Your copy should hold only the lines from the one holding "Ο λαός προφανώς" through the last line of the records below, both included, each exact and with no pictures.

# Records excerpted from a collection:
┄┄┄┄┄┄
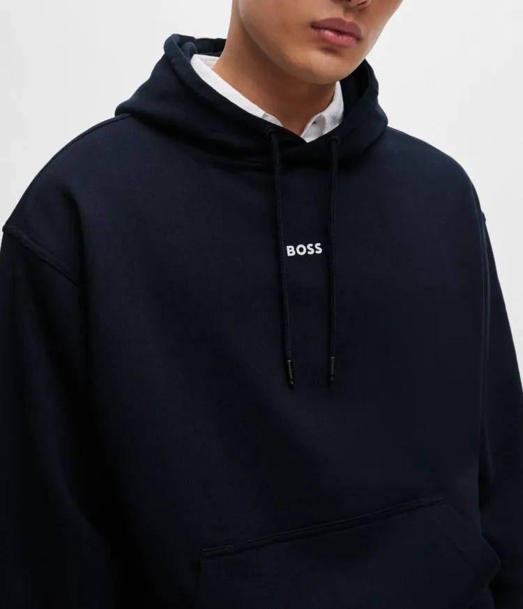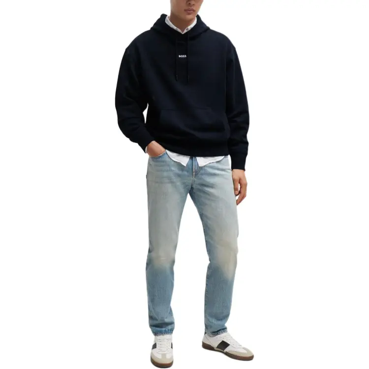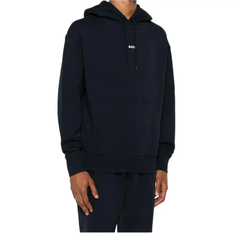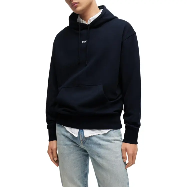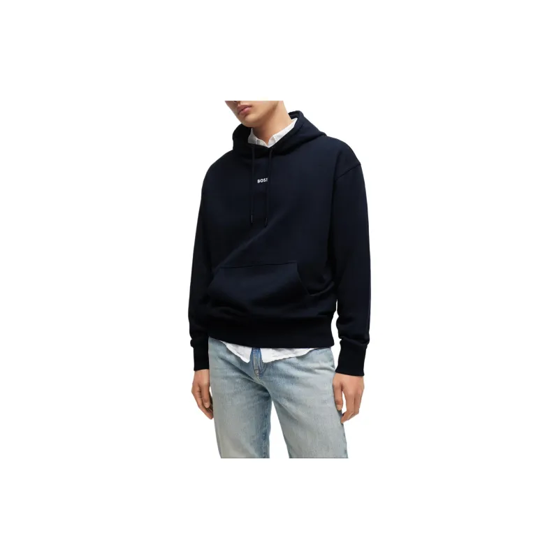Hugo Boss SS24 Cotton Terry Толстовка с Контрастным Логотипом Толстовка Мужская Темно-Синяя
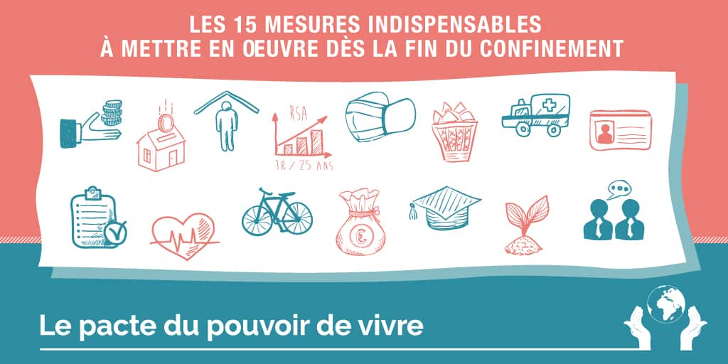 Retrouvez le détail de ces 15 mesures ainsi que le pacte du pouvoir de vivre ici : https://www.pactedupouvoirdevivre.fr/
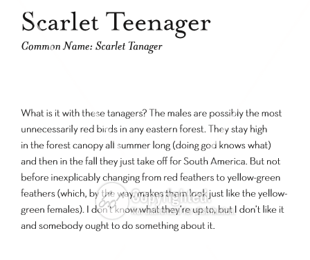 再例如,猩红丽唐纳雀,英文Scarlet Tanager,被他写成了Scarlet Teenager。这么一谐音梗,马上记住了。而且不用担心搞不清楚真正的名字,作者起的诨号下面标了正确的名字。
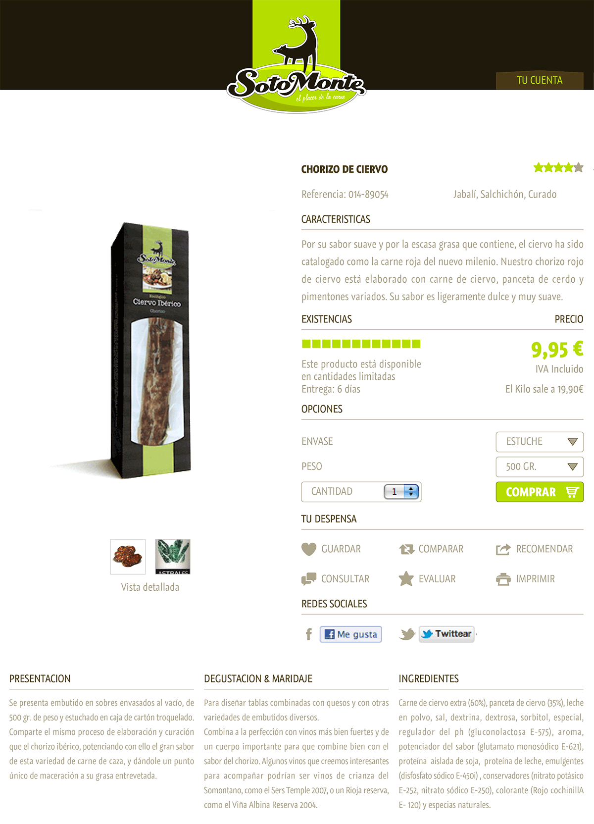 Ayudar a comercializar una marca alimentaria de embutido curado desde cero supuso para nosotros un reto. Había que buscar un nombre único, que reflejara el origen completamente natural de los productos que nuestro cliente ofrecía. El venado y el jabalí son animales casi desconocidos y el fantástico sabor de su carne curada apenas se consume en Europa. Inspirados por el hábitat en el que estos animales viven surgió Sotomonte. Una combinación perfecta de calidad y sabor que hará las delicias de los paladares más exigentes. Crear una línea de envasado para sus embutidos, que hiciese justicia a sus virtudes, rotular sus vehículos con una imagen fresca y natural y desarrollar un proyecto de comercio electrónico fueron algunas nuestras propuestas. El resultado es vistoso pero, sobre todo, muy, muy sabroso. Nosotros mismos somos consumidores de esta delicia. Una idea más que acertada.
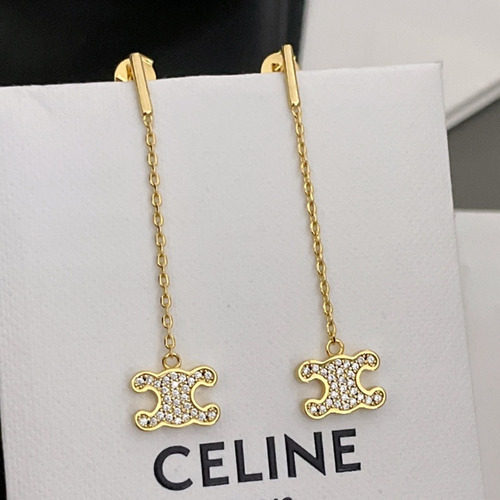 Celine Triomphe Full Crystal Brass Gold Plated Long Chain Drop Earring with Logo Pendant 셀린느 트리옹프 풀 크리스탈 황동 골드도금 롱 체인 드롭 이어링 로고 펜던트 |
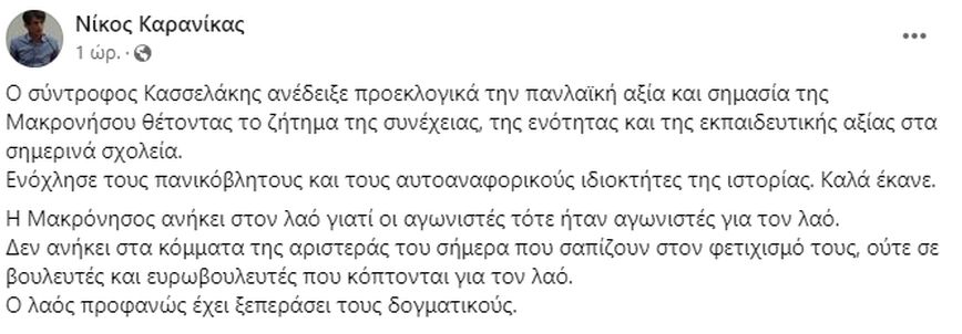 Ο λαός προφανώς έχει ξεπεράσει τους δογματικούς», έγραψε ο Νίκος Καρανίκας στον λογαριασμό του στο Facebook.
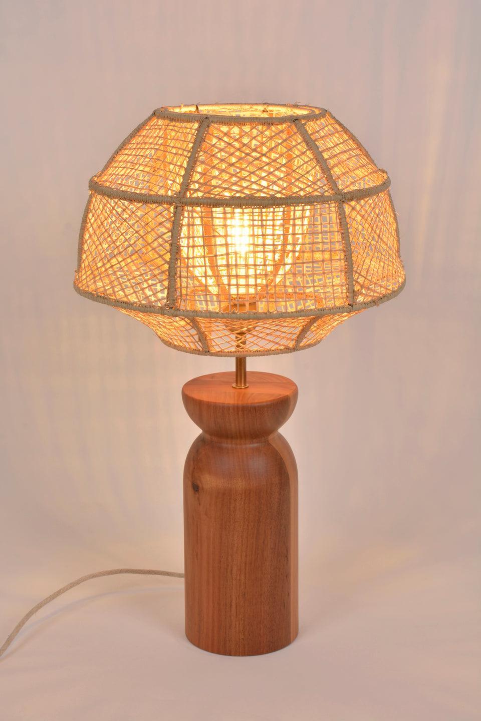 Table lamp Odyssee is a unique element made of solid wood. Her lampshade takes the form of a dome made of hand -woven natural rafia. It is equipped with a textile cable with a built -in switch.
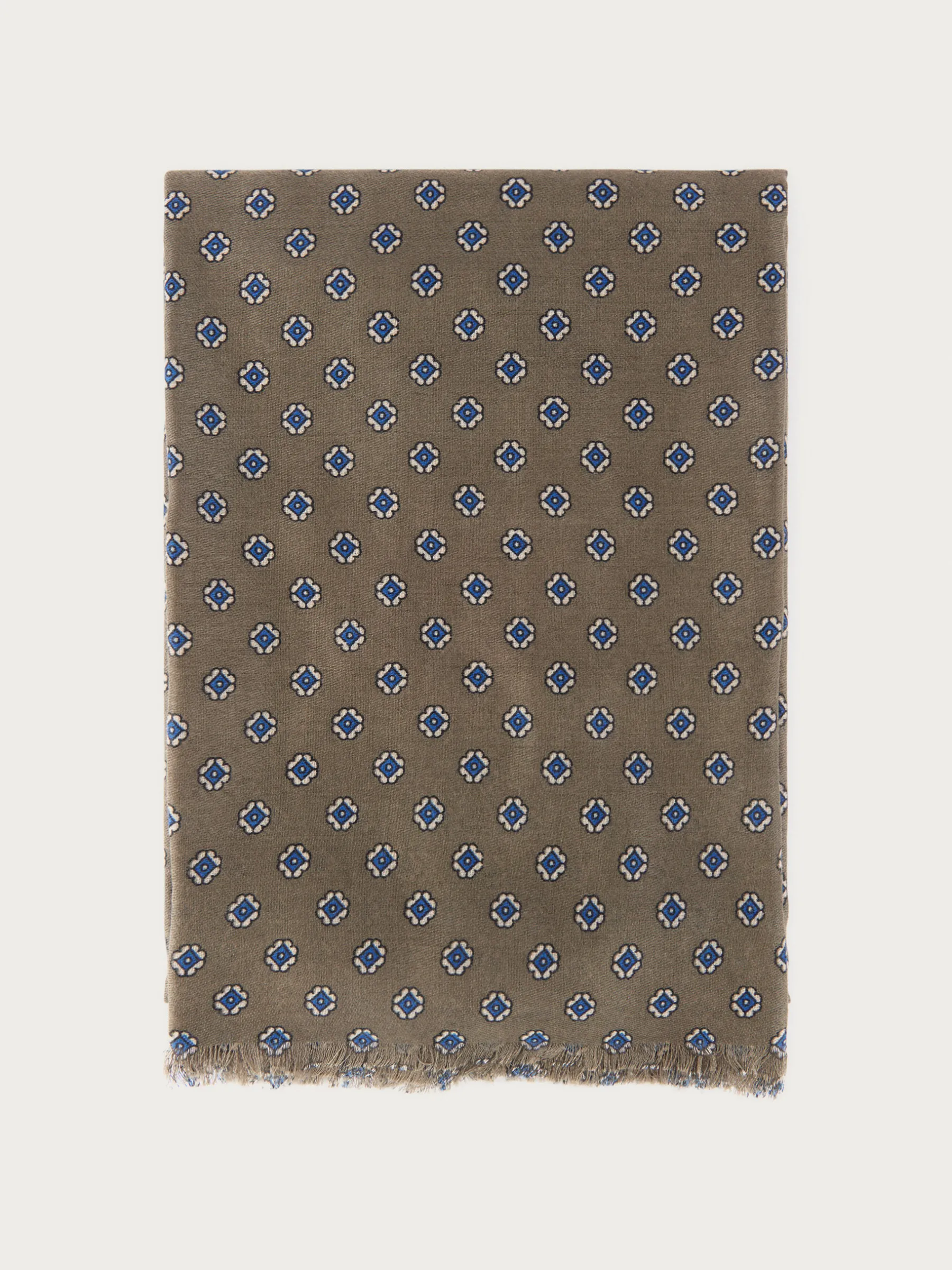 Foulard de diseño personalizado estampado confeccionado en tejido suave y cálido. Terminación con flecos.
┄┄┄┄┄┄
# EXERCISE OUTPUT:
 Ο λαός προφανώς έχει ξεπεράσει τους δογματικούς», έγραψε ο Νίκος Καρανίκας στον λογαριασμό του στο Facebook.
 Table lamp Odyssee is a unique element made of solid wood. Her lampshade takes the form of a dome made of hand -woven natural rafia. It is equipped with a textile cable with a built -in switch.
 Foulard de diseño personalizado estampado confeccionado en tejido suave y cálido. Terminación con flecos.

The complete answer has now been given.